Dataset goes something like this:
3,24.3,389693,21,23,tcp,1540,-------,4,11339,16091,24780100,Switch1,Router,35.529786,35.529786,35.539909,0,328.240918,505490,1540,0.236321,0,35.519662,35.550032,1,50.02192,Normal
15,24.15,201196,23,24,tcp,1540,-------,16,6274,16092,24781700,Router,server1,20.176725,20.176725,20.186848,0,328.205808,505437,1540,0.236337,0,20.156478,20.186848,1,50.030211,Normal
24.15,15,61905,23,22,ack,55,-------,16,1930,16092,885060,Router,Switch2,7.049955,7.049955,7.059958,0,328.206042,18051.3,55,0.008441,0,7.039952,7.069962,1.030045,50.060221,UDP-Flood
24.9,9,443135,23,21,ack,55,-------,10,12670,16085,884675,Router,Switch1,39.62797,39.62797,39.637973,0,328.064183,18043.5,55,0.008437,0,39.617967,39.647976,1.030058,50.060098,Normal
24.8,8,157335,23,21,ack,55,-------,9,4901,16088,884840,Router,Switch1,16.039806,16.039806,16.04981,0,328.113525,18046.2,55,0.008438,0,16.029803,16.059813,1.030054,50.061864,Normal
24.1,1,219350,21,1,ack,55,-------,2,6837,16091,885005,Switch1,clien-1,21.885768,21.885768,21.895771,0,328.297902,18056.4,55,0.00844,0,21.865762,21.895771,1.030016,50.043427,Normal
24.13,13,480053,24,23,ack,55,-------,14,13609,16103,885665,server1,Router,42.45032,42.45032,42.460323,0,328.460278,18065.3,55,0.008446,0,42.45032,42.48033,1.030032,50.055747,Normal
It’s a dataset they made available about Ddos attacks.

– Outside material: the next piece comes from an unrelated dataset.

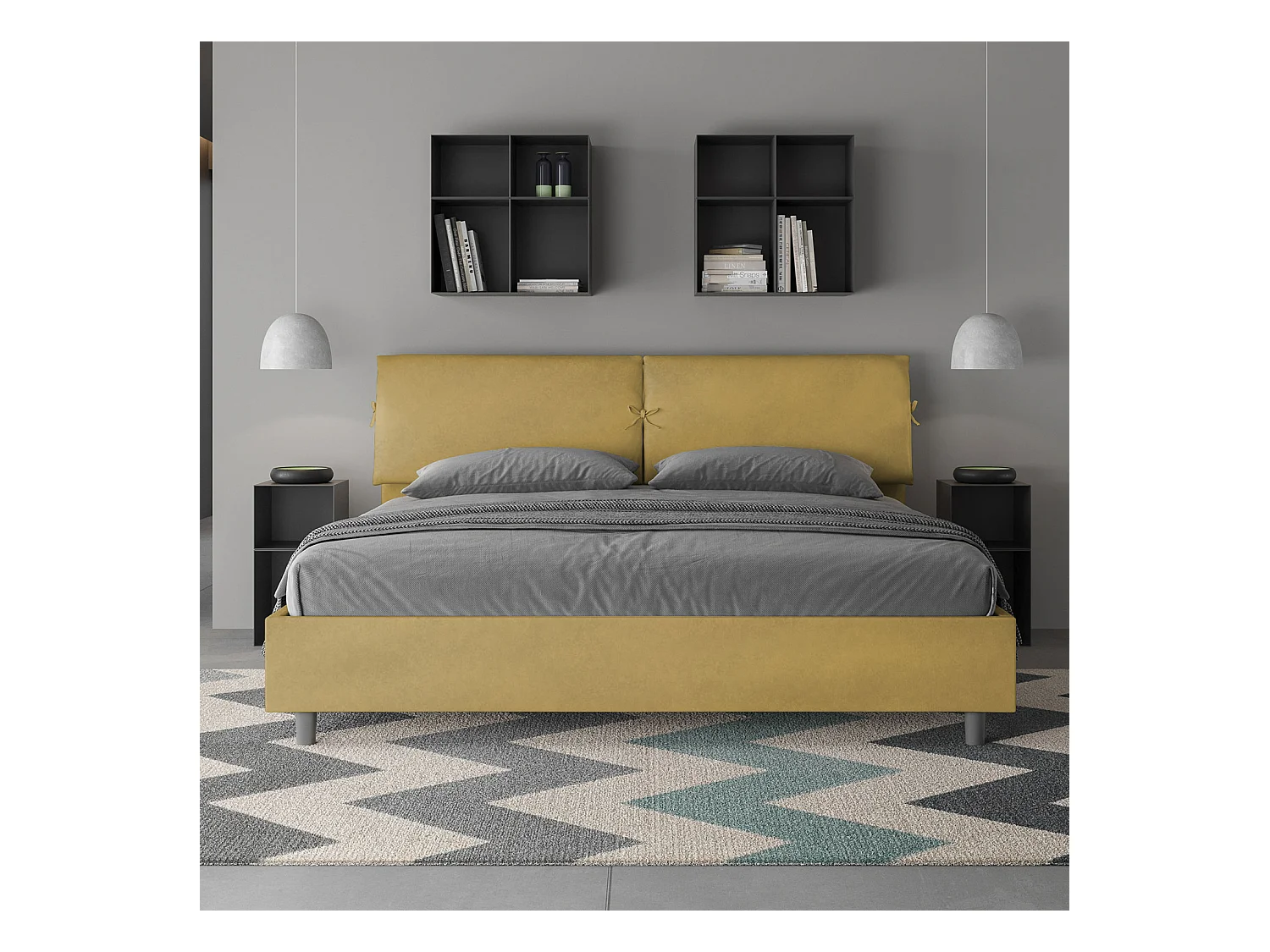 Lit king size avec sommier rembourré 180x200 microfibre ocre Mados

I will from this dataset perform the application of supervised classifiers such as Naivebayes, Randomforest and Multi Layer Perceptron (Artificial Intelligence).
The language I’m using is Python (Required) and I’m using Numpy to get the dataset. This function looks like this:
np.set_printoptions(formatter={'float': lambda x: "{0:0.10f}".format(x)})
X = np.loadtxt("datasetTrabalho.data", delimiter=",")
But every time I try to do something, it makes mistakes like that:
File "trabalho.py", line 190, in <module>
main()
File "trabalho.py", line 98, in main
X = np.loadtxt("testeTrabalho.data", delimiter=",") # pega o dataset
File "/home/arthur/.local/lib/python3.5/site-packages/numpy/lib/npyio.py", line 1101, in loadtxt
for x in read_data(_loadtxt_chunksize):
File "/home/arthur/.local/lib/python3.5/site-packages/numpy/lib/npyio.py", line 1028, in read_data
items = [conv(val) for (conv, val) in zip(converters, vals)]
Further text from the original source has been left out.